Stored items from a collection
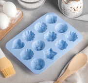 Форма для выпечки силикон 630814 кексы Цветочное ассорти 12шт. 16*21*2,5см.
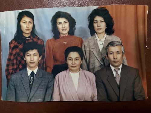 Глава семьи с супругой и детьми - Акмарал, Эльвирой, Светланой и Асланом.
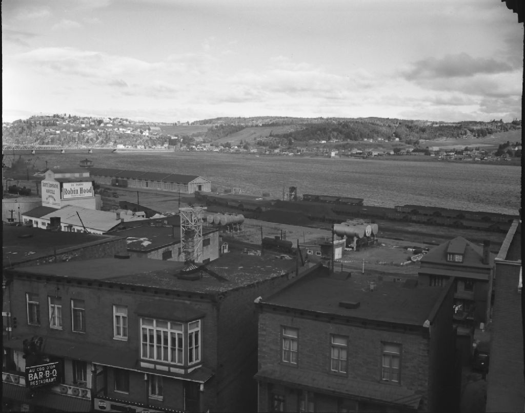 Un coin de la ville de Chicoutimi vu du toit de l'Hôtel Chicoutimi, 1950, Archives nationales à Québec, Fonds Ministère de la Culture et des Communications, (03Q,E6,S7,SS1,D2,P82592), Paul Carpentier.
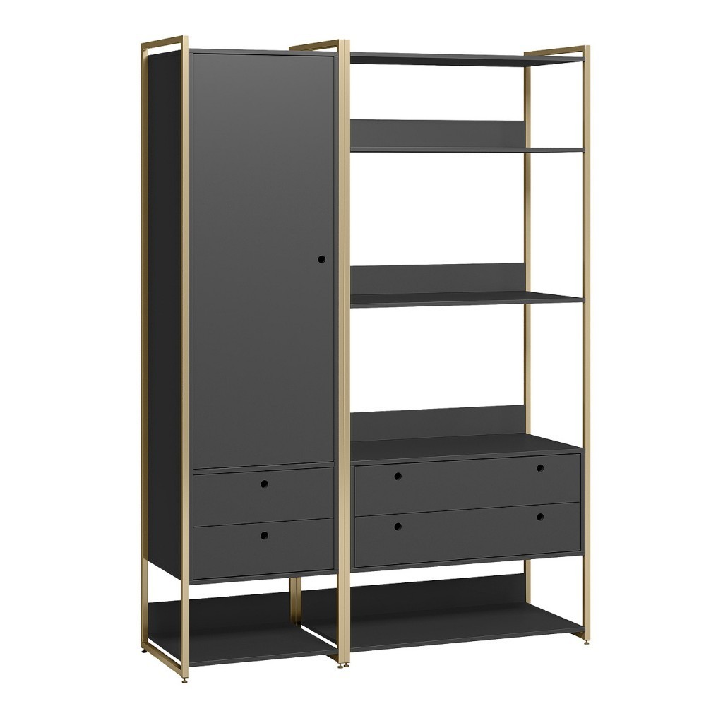 Guarda Roupa Modulado Closet Industrial c/Porta - Gavetas - Estrutura Metálica - Preto - Olivar
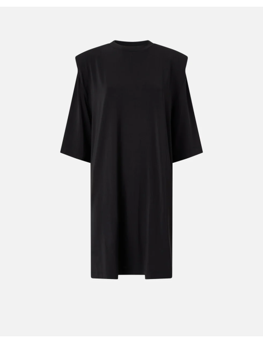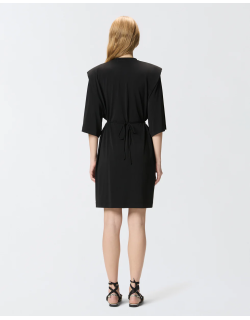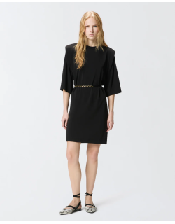 Abito corto girocollo con ampie maniche a tre quarti, realizzato in jersey crêpe stretch dall'aspetto lucido simile alla seta. Il capo presenta una silhouette dritta e morbida, resa più decisa dalle spalline interne strutturate, ed è completo di una cinturina rimovibile in vita con parte frontale in tessuto, da annodare a proprio gusto, e parte posteriore a catena, per un dettaglio grintoso che esprime il DNA PINKO. Questo vestito diventerà il tuo alleato ideale sia per un look da giorno femminile, con un paio di scarpe basse, sia per una serata speciale, con un paio di décolleté
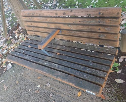 県庁敷地内のベンチ。誰がこんな気を遣われていないベンチに近寄るだろうか。県庁職員で昼食を屋外でとりたい人もいるのに、管理が。県庁には職員の健康だけを担当する部署があるが、機能していない。県庁職員に対してすら。 (当然、一例です。予算の問題な訳無い)
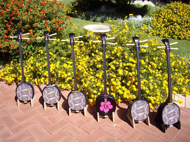 名も知れぬ蛇の皮を張り、 ネクタイをばらしてティーガ(胴巻き)にしたそうです。
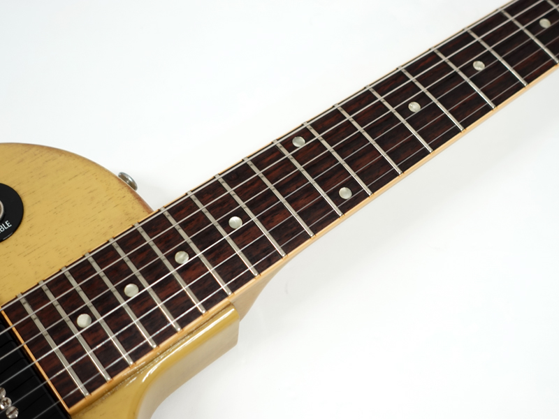 厳選された上質なマホガニーボディにマホガニーネック、ローズウッド指板はハイドグルー接着でふくよかな生鳴りも感じられます。3連クルーソンタイプペグ、ラップアラウンドのストップテールピースにP90ピックアップを2基搭載。
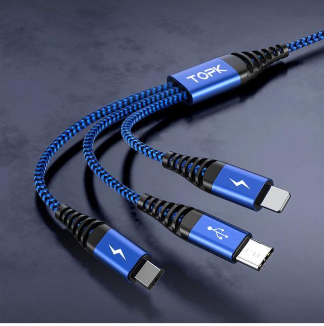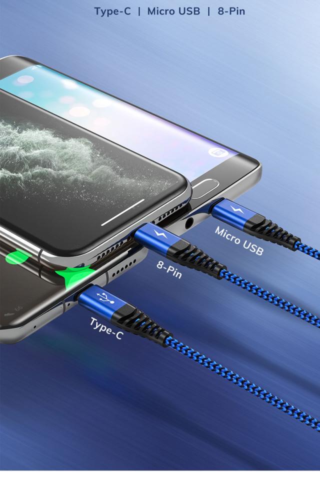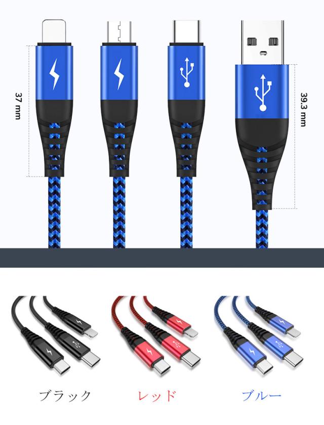 3in1 充電器ケーブル USBケーブル iPhoneケーブル Type-cケーブル Microケーブル 強度アップ 急速充電 ケーブル micro usb 1m Type-C Android 充電ケーブル
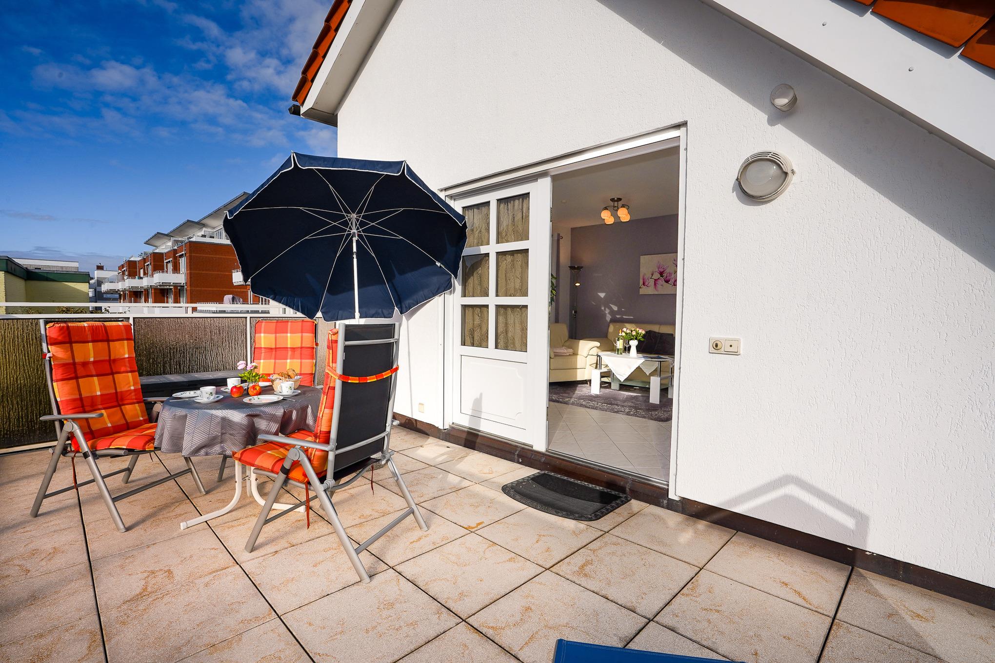 Ihre gemütliche Ferienwohnung erreichen Sie über einen separaten außenliegenden Treppenaufgang. Dieser führt Sie auch zur großzügigen Dachterrasse. Abseits der Straße gelegen finden Sie hier Ruhe und Entspannung pur. In wenigen Gehminuten erreichen Sie sowohl den feinsandigen Strand als auch die pulsierende zentrale Einkaufsstrasse.

Aim of the exercise: Pictures do not belong in the copy. Reproduce the rest of the data exactly.

Output for this exercise:
 Форма для выпечки силикон 630814 кексы Цветочное ассорти 12шт. 16*21*2,5см.
 Глава семьи с супругой и детьми - Акмарал, Эльвирой, Светланой и Асланом.
 Un coin de la ville de Chicoutimi vu du toit de l'Hôtel Chicoutimi, 1950, Archives nationales à Québec, Fonds Ministère de la Culture et des Communications, (03Q,E6,S7,SS1,D2,P82592), Paul Carpentier.
 Guarda Roupa Modulado Closet Industrial c/Porta - Gavetas - Estrutura Metálica - Preto - Olivar
 Abito corto girocollo con ampie maniche a tre quarti, realizzato in jersey crêpe stretch dall'aspetto lucido simile alla seta. Il capo presenta una silhouette dritta e morbida, resa più decisa dalle spalline interne strutturate, ed è completo di una cinturina rimovibile in vita con parte frontale in tessuto, da annodare a proprio gusto, e parte posteriore a catena, per un dettaglio grintoso che esprime il DNA PINKO. Questo vestito diventerà il tuo alleato ideale sia per un look da giorno femminile, con un paio di scarpe basse, sia per una serata speciale, con un paio di décolleté
 県庁敷地内のベンチ。誰がこんな気を遣われていないベンチに近寄るだろうか。県庁職員で昼食を屋外でとりたい人もいるのに、管理が。県庁には職員の健康だけを担当する部署があるが、機能していない。県庁職員に対してすら。 (当然、一例です。予算の問題な訳無い)
 名も知れぬ蛇の皮を張り、 ネクタイをばらしてティーガ(胴巻き)にしたそうです。
 厳選された上質なマホガニーボディにマホガニーネック、ローズウッド指板はハイドグルー接着でふくよかな生鳴りも感じられます。3連クルーソンタイプペグ、ラップアラウンドのストップテールピースにP90ピックアップを2基搭載。
 3in1 充電器ケーブル USBケーブル iPhoneケーブル Type-cケーブル Microケーブル 強度アップ 急速充電 ケーブル micro usb 1m Type-C Android 充電ケーブル
 Ihre gemütliche Ferienwohnung erreichen Sie über einen separaten außenliegenden Treppenaufgang. Dieser führt Sie auch zur großzügigen Dachterrasse. Abseits der Straße gelegen finden Sie hier Ruhe und Entspannung pur. In wenigen Gehminuten erreichen Sie sowohl den feinsandigen Strand als auch die pulsierende zentrale Einkaufsstrasse.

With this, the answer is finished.